▸ Data block

>>>

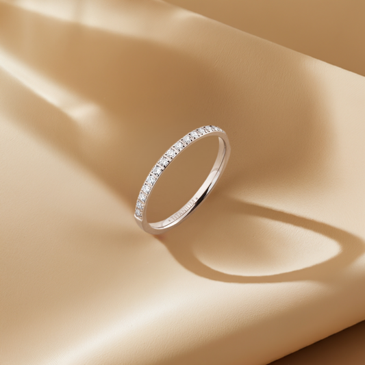 TI010 - Rhodium IP Titanium 2mm Wedding Band Half Eternity White CZ
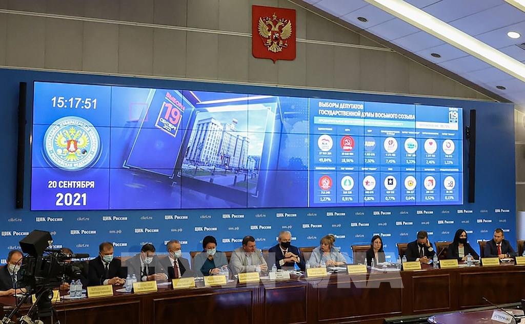Chủ tịch Ủy ban Bầu cử Trung ương Nga Ella Pamfilova (thứ 5, phải) trong cuộc họp báo công bố kết quả cuộc bầu cử Duma Quốc gia (Hạ viện) Nga, tại Moskva ngày 20/9/2021. Ảnh: EPA-EFE/TTXVN
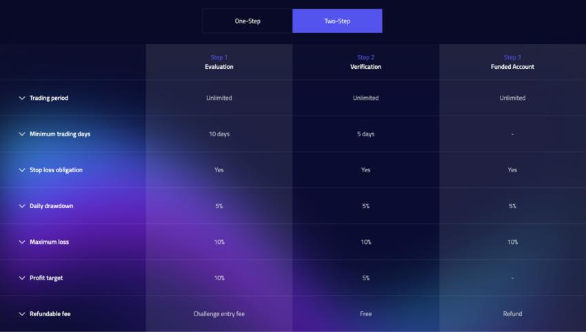 You need to pass a two-step evaluation challenge to get funded. The first phase requires a 10% profit target, and the second needs 5%. You will also need to manage risk carefully; the evaluation comes with a 5% daily drawdown limit and a 10% overall cap.

<<<

▸ About this exercise
Produce an exact copy of every line above, with the images left out.

▸ Expected output
 TI010 - Rhodium IP Titanium 2mm Wedding Band Half Eternity White CZ
Chủ tịch Ủy ban Bầu cử Trung ương Nga Ella Pamfilova (thứ 5, phải) trong cuộc họp báo công bố kết quả cuộc bầu cử Duma Quốc gia (Hạ viện) Nga, tại Moskva ngày 20/9/2021. Ảnh: EPA-EFE/TTXVN
 You need to pass a two-step evaluation challenge to get funded. The first phase requires a 10% profit target, and the second needs 5%. You will also need to manage risk carefully; the evaluation comes with a 5% daily drawdown limit and a 10% overall cap.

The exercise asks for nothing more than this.